Picking at this crab appetizer was messy and time consuming, but delicious, and we all had fun experiencing something new. Visiting the Sea Products seafood plant was an educational experience for us as well as an opportunity to try some soft-shell crabmeat.

We were surprised a few days later when we were watching a segment on Sunday Morningwith Charles Osgood. They had a feature on a crab plant that showed the professional crab pickers at work. This is a hard job and now we understand why crab is somewhat expensive. A machine cannot do the kind of job a human picker can do; it tends to make flakes of the meat instead of lumps. So for the production of the choicest morsels the trade has to rely on professional “pickers” for the job. This television program was an eye-opener.

On our first Great Loop we anchored in Reedville, Virginia. This is a small town with not much more than a few shops, one restaurant, a museum, ice cream parlor and a soft shell crab processing plant. The first thing we walked by was the crab plant, as we’d tied our dinghy up to the dock right next to theirs. We peeked our heads in the door of the plant and discovered a group of women packing boxes full of soft-shell crabs. We are pretty sure that people in this area would think it amazing that we’d never even heard of soft-shell crabs before, let alone eating such a thing.

When the manager saw our amazement and eyes big with skepticism he decided to take mercy on us and give us a tour of the processing plant. Not only do they pack the crabs here but they also have vats where they actually let the crabs molt. This is a process where, during the molting season, they capture the hard-shell blue crabs just before they loose their shell. The crab must periodically shed its smaller shell through this molting process in order for it to grow larger.
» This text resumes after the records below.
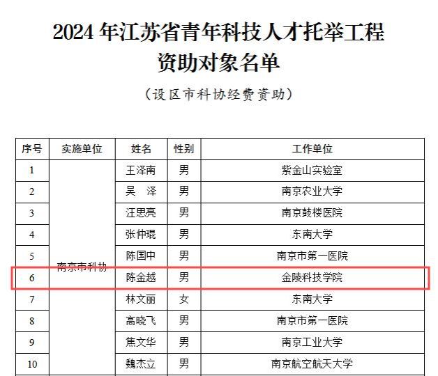 9月26日,江苏省科学技术协会公布了《2024年江苏省青年科技人才托举工程资助对象名单》,球王会陈金越教师成功入选为资助对象。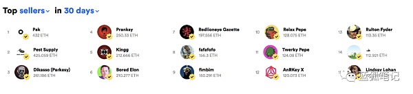 在Rarible上最近30天的頂級賣家,銷售了432個ETH,價值大約80萬美元,收入非常高;而一些頂級的收藏家,例如著名的0x_b1,最近30天,買入了580.343ETH,花費了大約100多萬美元。一些頂級玩家在瘋狂收貨。
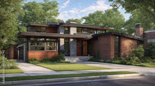 Modern Suburban Home With Sharp Architectural Details in Illinois. Generative AI.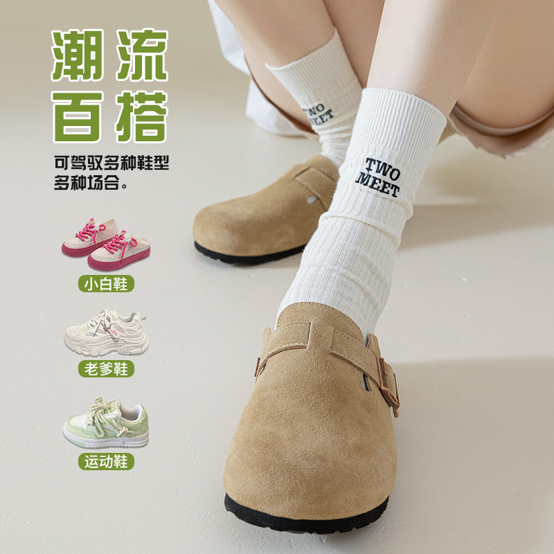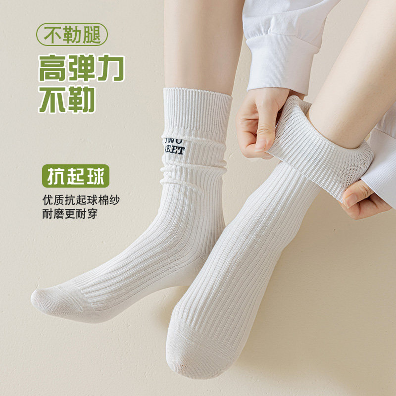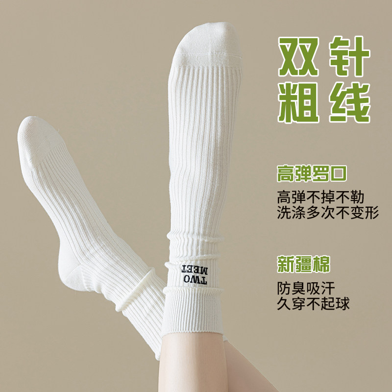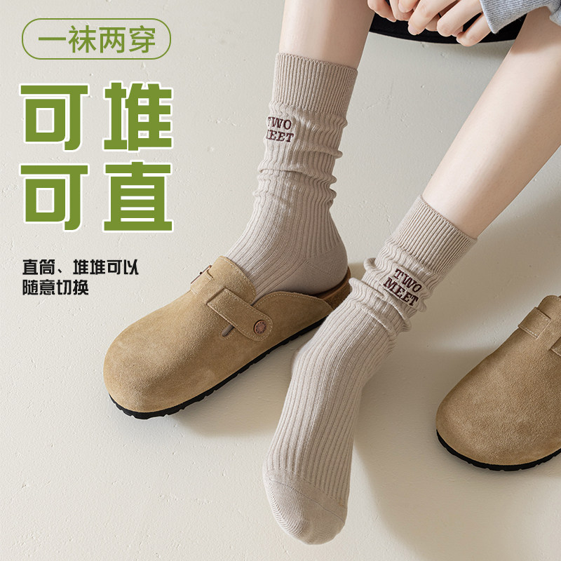 堆堆袜子女夏季薄款中筒袜纯棉吸汗女士夏天百搭勃肯鞋粗线长筒袜

They put them in these vats and wait for them to shed their old shells and while they are in this completely soft state they are ready to be processed, packed, sold and eventually lightly battered, sautéed, and consumed.

Everyone in this part of the Chesapeake seems very into “crabbing.” It seems that if a local has access to water then they also own a few crab pots for personal capture and consumption. We like this idea of do-it-yourself crabbing.

The professionals are called “watermen.” Their catch includes not only crabs (summer) but oysters (winter) as well. Many are independent fishermen who own their own boats and equipment and sell their catch to seafood houses. The fishing boats they use are unique in design and have beautiful lines that look smart out on the water as they go about their job.

We got a kick out of this sign. It looks like the “hot crabs” got a little too hot for this house. This is just an example of the signage that surrounds the area. It’s crab-this or crab-that everywhere you look.

We have continued our experimentation with crab dishes and for the moment decided that crab cakes are the way to go. And if you’re going to eat crab cakes, this is the area to do it. Most crab cakes found in restaurants here are usually all lump crabmeat with very little filler ingredients. These large cakes, which are usually lightly sautéed, make a good choice when eating out in Solomons, especially if you’re not into a lot of messy picking.

We’ve enjoyed learning about crabs and being immersed in the culture that cherishes this bountiful catch. It differs greatly from what we know in our bones, being lifelong residents of the Great Lakes, but we feel that our lives have become richer for the opportunity to venture outside our “box,” opening ourselves up to something previously unknown to us, and in turn has added another dimension to our journey through life.